Summer job postings are stabilizing after a three-year decline, according to a new report from Indeed Hiring Lab, but young Canadians are once again entering another soft labor market. The report indicates that while employers' hiring appetites have not rebounded this summer, they have not deteriorated either.
Current Trends in Summer Job Postings
National summer job postings were up four percent in early May compared to a year ago, according to data from Indeed. The report tracked Canadian postings on Indeed.com that included the term 'summer' (or 'ete') in the job title. It noted that the annual hiring cycle usually ramps up in January and cools off mid-May. Despite this slight increase, summer job postings are still down 37 percent from their 2022 peak, with three consecutive years of declines between 2023 and 2025.
Most Common Summer Job Categories
Indeed Hiring Lab found that summer camp jobs were the most common category, making up 13 percent of summer job postings as of early May, down from 15 percent from the same time last year. There was also higher seasonal demand for a range of jobs, including painters, warehouse workers, administrative assistants, and youth and community care workers.

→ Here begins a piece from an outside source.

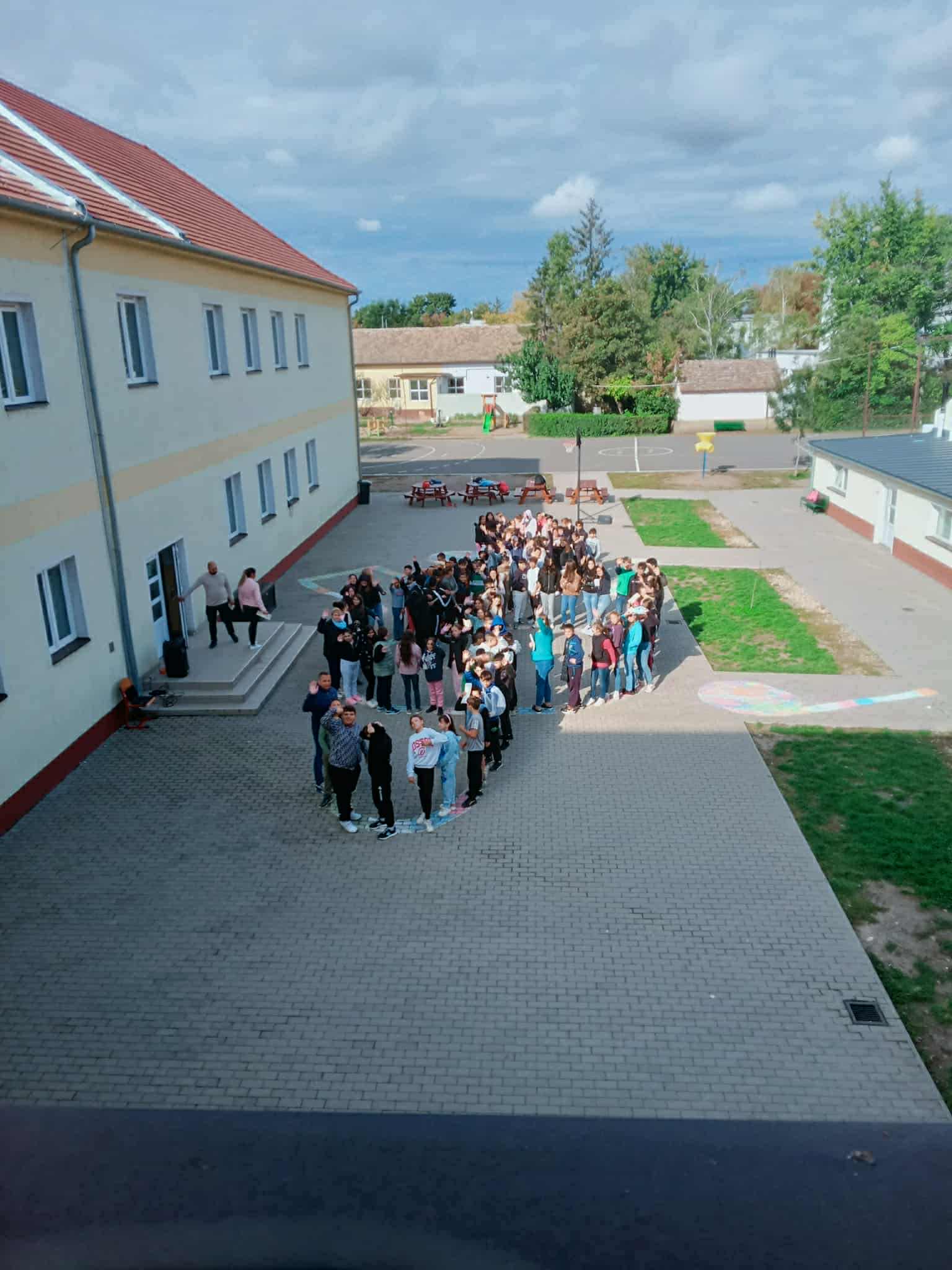 Ezen a napon iskolánk felső tagozatos tanulói és pedagógusai közös flashmobot valósítottak meg az iskola udvarán Hosszu Zsanett tanárnő vezetésével. A meglepetésszerű előadás során közösen énekeltek, ezzel ünnepelve a zene összekötő erejét és az alkotás örömét.

Broader Labor Market Impact
One factor that influences the summer job market is the strength of the broader labor market and who is available to work, said Brendon Bernard, senior economist at Indeed Hiring Lab. Bernard explained that workers in a strong economy tend to change jobs more often and move up the career ladder into higher paying positions. However, in a weaker market, they stay in their current roles or take on lower-level jobs when opportunities are scarce.

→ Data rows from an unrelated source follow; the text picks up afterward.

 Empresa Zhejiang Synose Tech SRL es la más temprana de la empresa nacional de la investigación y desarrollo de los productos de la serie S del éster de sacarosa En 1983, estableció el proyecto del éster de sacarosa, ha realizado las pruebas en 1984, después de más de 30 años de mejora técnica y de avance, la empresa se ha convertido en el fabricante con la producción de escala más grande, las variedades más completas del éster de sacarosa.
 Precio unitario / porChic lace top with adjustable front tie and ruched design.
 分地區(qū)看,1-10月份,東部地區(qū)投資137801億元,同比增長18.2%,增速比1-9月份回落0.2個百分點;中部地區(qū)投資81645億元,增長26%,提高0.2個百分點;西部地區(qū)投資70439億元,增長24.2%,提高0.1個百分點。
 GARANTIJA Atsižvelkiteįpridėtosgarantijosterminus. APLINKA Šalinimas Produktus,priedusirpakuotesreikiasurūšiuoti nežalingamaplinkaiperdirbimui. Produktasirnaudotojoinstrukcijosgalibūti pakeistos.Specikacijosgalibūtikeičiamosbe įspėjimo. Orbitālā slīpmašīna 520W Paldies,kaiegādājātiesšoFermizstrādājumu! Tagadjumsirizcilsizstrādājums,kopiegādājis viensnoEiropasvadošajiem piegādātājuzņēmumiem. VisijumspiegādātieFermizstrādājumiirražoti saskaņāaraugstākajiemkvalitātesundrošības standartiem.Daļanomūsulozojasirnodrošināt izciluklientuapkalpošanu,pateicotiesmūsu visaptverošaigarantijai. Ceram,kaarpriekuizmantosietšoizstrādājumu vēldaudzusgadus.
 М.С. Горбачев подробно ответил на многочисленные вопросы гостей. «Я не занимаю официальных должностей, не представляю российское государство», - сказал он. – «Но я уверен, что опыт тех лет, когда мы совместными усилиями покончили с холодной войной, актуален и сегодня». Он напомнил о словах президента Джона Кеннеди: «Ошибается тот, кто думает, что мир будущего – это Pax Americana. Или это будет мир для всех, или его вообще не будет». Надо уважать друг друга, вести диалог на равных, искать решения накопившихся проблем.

If workers are not moving on, employers do not need to backfill those roles, and new entrants to the labor market need to find something else to do, Bernard said. And if the job market is weak, there might not be that many options.
Economic Context
Bernard noted that summer job postings evolve in line with broader economic trends. We have been in a time of subdued economic growth, so employers are not clamoring for workers, he said. The unemployment rate is in the range of seven percent, which is not too high, but it is definitely up substantially from where it was during the really hot post-pandemic labor market.

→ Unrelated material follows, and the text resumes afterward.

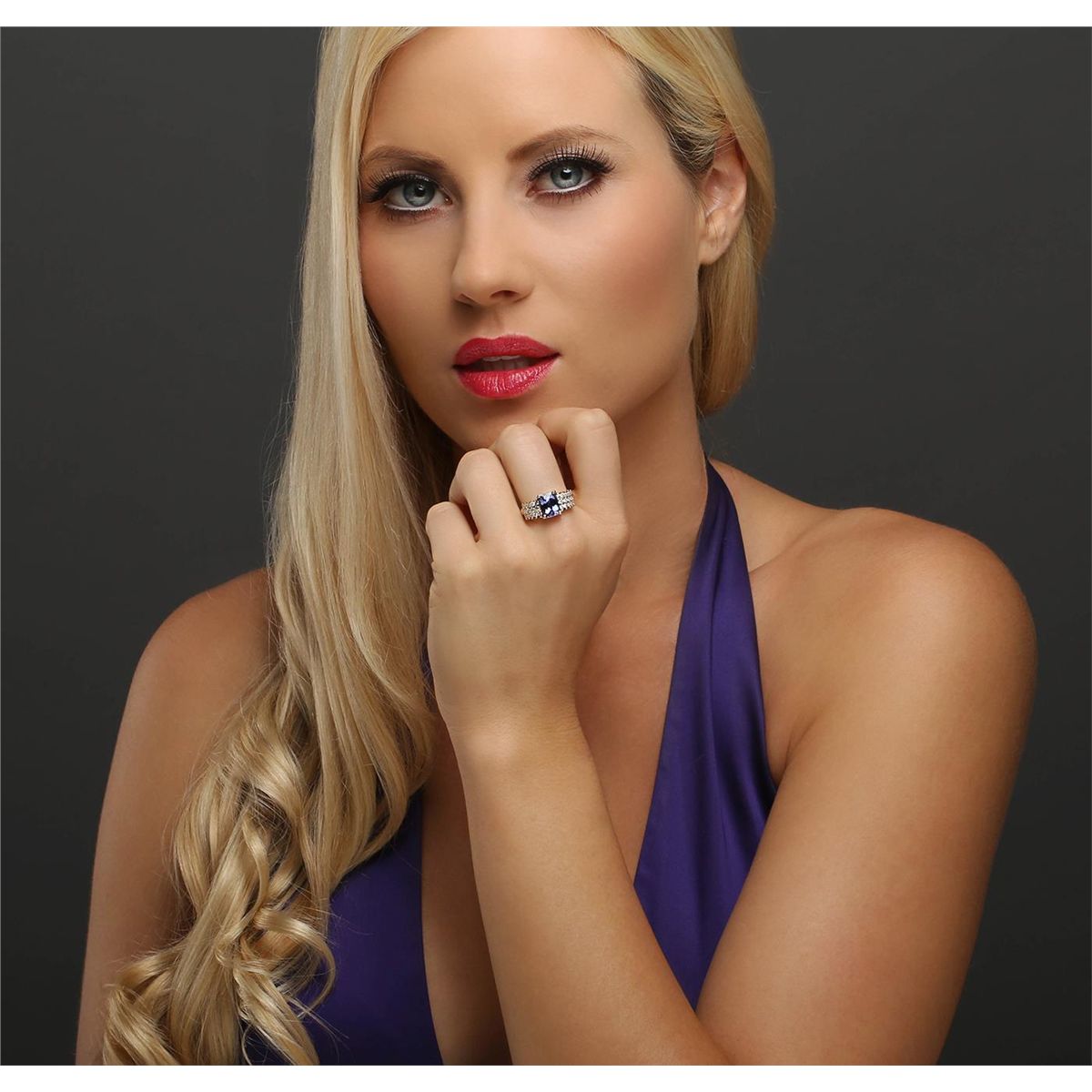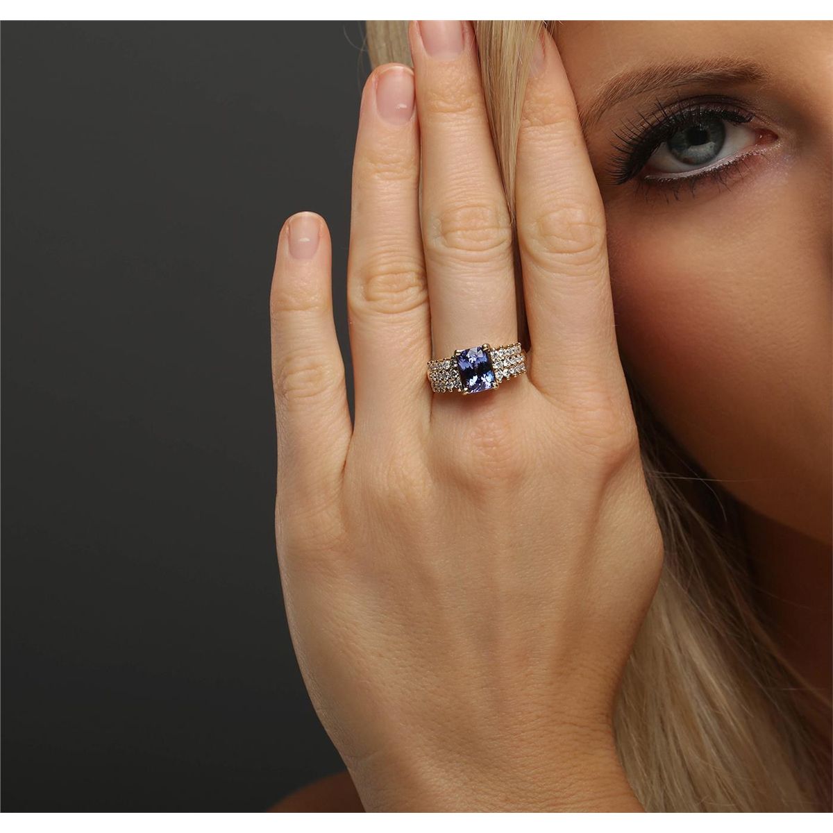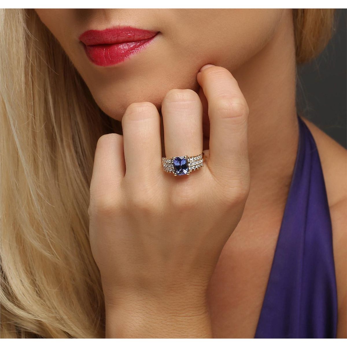 One electronically tested 14KT yellow gold ladies combination cast & assembled tanzanite and diamond ring with a flat shank with a bright polish finish. Identified with markings of "14K". Condition is new. Containing: One prong set rectangular cushion modified brilliant cut natural tanzanite, measuring 9.02 x 6.93 x 3.75mm, approximate weight of 1.85ct., clarity is eye clean, type I, medium light, very slightly grayish, violet color, (GIA V 4/3), cut is good. Thirty prong set round brilliant cut diamonds, measuring 1.70 - 1.70 x 1.02mm (depth est.) approximate total weight of 30 Stones = 0.54ct. Clarity: I-1 to I-2. Color: I - J, Cut is Good. Colored gemstones are presumed to have been subjected to commonly used enhancement processes. All diamonds and colored gemstones are graded in the mounting, unless otherwise stated total weight of Colored Stones 1.85ct. Total Weight of Diamonds 0.54ct. Total Weight of Ring 5.50 grams. GGL Appraised at $5,710.00.

Youth Employment Challenges
Canada's youth job market has been in distress since 2023, the report said, particularly among teens ages 15 to 19. While youth employment usually jumps when the school year ends, that trend has recently been more muted. During years with stronger labor markets, such as 2018, 2019, and 2022, Bernard's analysis found that youth employment rates rose by an average of 11 percentage points on a non-seasonally adjusted basis between March and the peak in July. Since 2023, the jumps have been in the range of 9.1 to 9.4 percentage points, on average, a net 16 percent drop in the rate of youth entering summer employment, the report said.